El problema central de nuestra economía no radica en que los sueldos sean excesivos, sino en que están estructuralmente deprimidos.

Las mediciones macroeconómicas globales reflejan con crudeza esta fractura: mientras que en los países desarrollados de Europa y en Australia la masa salarial representa entre el 48% y el 54% del PIB, en Uruguay se arrastra estancada en torno al 40%. El excedente bruto de explotación absorbe una porción desproporcionada de la riqueza generada, dejando al factor trabajo en una posición de extrema vulnerabilidad.

Es urgente erradicar el dogma que reduce al salario a la categoría de un simple costo de producción que hay que minimizar para competir. El salario no es meramente un costo; es la principal fuente de demanda interna y el motor indiscutido que dinamiza el mercado en el que las propias empresas realizan sus ganancias.

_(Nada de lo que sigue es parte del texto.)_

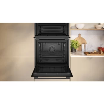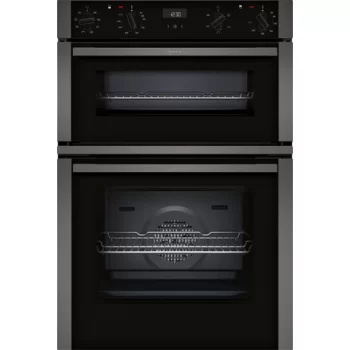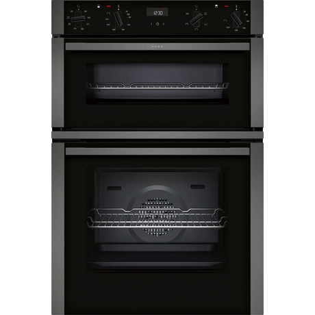 The Neff U1ACE2AG3B is a stunning built-in electric double oven that brings sophistication and functionality to your kitchen. Finished in an elegant graphite grey, this oven is designed to blend seamlessly with modern interiors while offering top-notch cooking performance.

Una economía con una base salarial debilitada ahoga su propio mercado interno y limita su horizonte de desarrollo.

Hacia un nuevo paradigma: oferta activa y distribución previa

La vieja y fracasada receta del "derrame" —que históricamente ha deprimido el consumo, alimentado la informalidad y profundizado la desigualdad bajo la falsa promesa de que primero hay que acumular y luego repartir— debe quedar atrás. Romper con este estancamiento exige un cambio de paradigma basado en estrategias de oferta activa y distribución previa.

Las líneas de acción son claras y perentorias:

1.   Transformación productiva con valor agregado: No podemos seguir descansando exclusivamente en ramas de baja productividad relativa y escasa tecnología (como el comercio tradicional o servicios de menor calificación). Es imperativo diversificar hacia industrias del conocimiento, biotecnología, transición energética y una agroindustria con fuerte transformación local. Los incentivos y exoneraciones fiscales masivas (como los otorgados vía Comap) deben atarse estrictamente a compromisos cuantificables de empleo formal calificado, innovación y mejora de los pisos salariales.

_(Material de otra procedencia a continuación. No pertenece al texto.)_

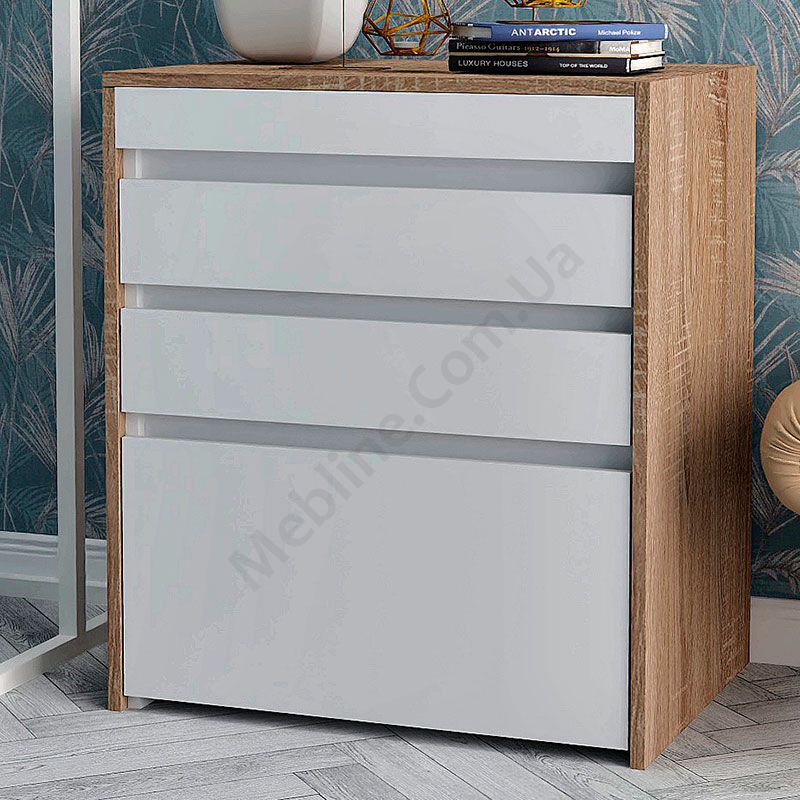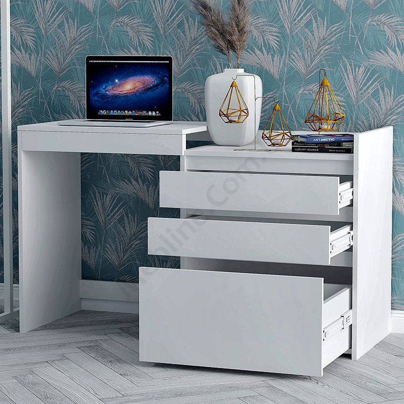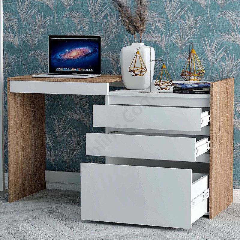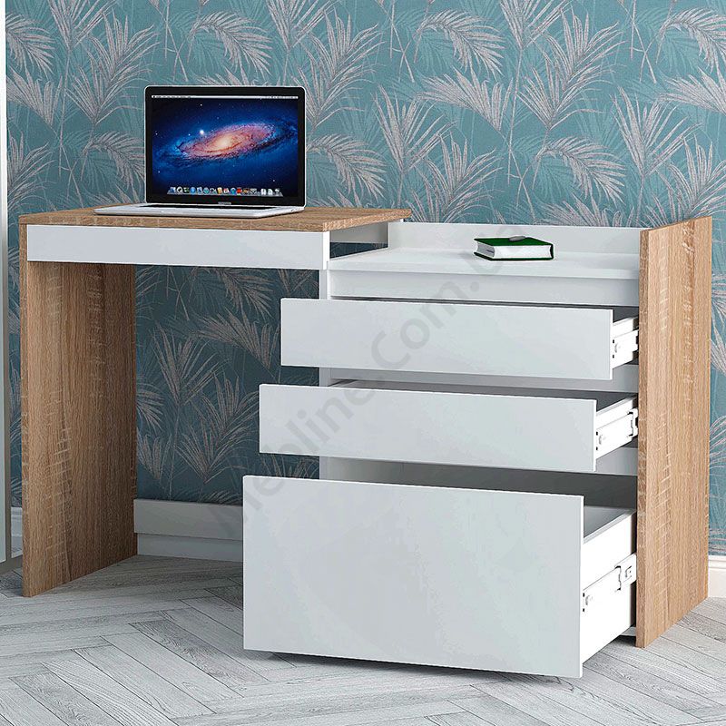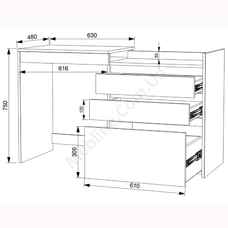Ламінована ДСП Swiss Krono, завтовшки 16 мм.Екологічна безпека класу Е-1.Фурнітура "DC", "Linken".Протиударна кромка стільниці — ПВХ, завтовшки 1 мм.Протиударна кромка корпусу — ПВХ, завтовшки 0, 5 мм.В складеному вигляді має зовнішність комода.Розкладається у прямий комп’ютерний стіл.Має три висувні шухляди.Замість ручок проміжок у фасадах.

2.   Política industrial y crediticia activa: Las pequeñas y medianas empresas (PyMEs), que emplean a la mayor masa de trabajadores pero sufren de baja productividad, necesitan financiamiento blando y asistencia técnica para digitalizarse y escalar. Sin capital y tecnología, pagar mejores sueldos es materialmente imposible. Asimismo, abaratando costos logísticos estructurales (transporte, energía y conectividad) se alivia a las empresas sin recurrir al recorte de los ingresos obreros.

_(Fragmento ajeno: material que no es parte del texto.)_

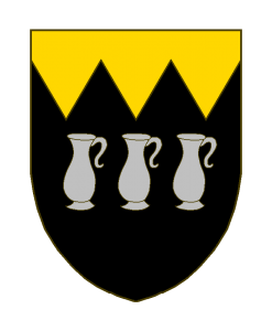 De sable à trois buires (ou aiguières, ou vases, ou bouteilles) d’argent, ansées du même, au chef emmanché d’or.

3.   Conexión virtuosa entre educación e ingresos: La vulnerabilidad que golpea con dureza a los jóvenes y a los trabajadores informales exige educación dual, recualificación permanente y programas masivos de inserción laboral formal que cierren la brecha de los salarios sumergidos.

4.   Fortalecimiento institucional de la negociación colectiva: Lejos de apostar a una flexibilización laboral que destruya convenios, la negociación por rama de actividad debe asegurar que la competencia empresarial no se dé en el terreno de la precarización, obligando a ganar competitividad mediante la eficiencia organizativa y la innovación.

5.   Reforma tributaria progresiva: Si la masa salarial apenas roza el 40% del PIB, la política fiscal debe reequilibrar la balanza aliviando el peso sobre los ingresos del trabajo (IVA en bienes básicos y franjas medias-bajas del IRPF).

Conclusión

Uruguay se encuentra ante una encrucijada histórica.

Continuar administrando la escasez mediante parches coyunturales perpetuará una fractura social insostenible. Es tiempo de asumir que la justicia distributiva y la eficiencia económica no son caminos antagónicos, sino las dos caras de una misma moneda.

Solo con salarios dignos, que recuperen su jerarquía histórica y reflejen el verdadero esfuerzo de nuestra sociedad, el país podrá construir un crecimiento con bases firmes, integración real y futuro.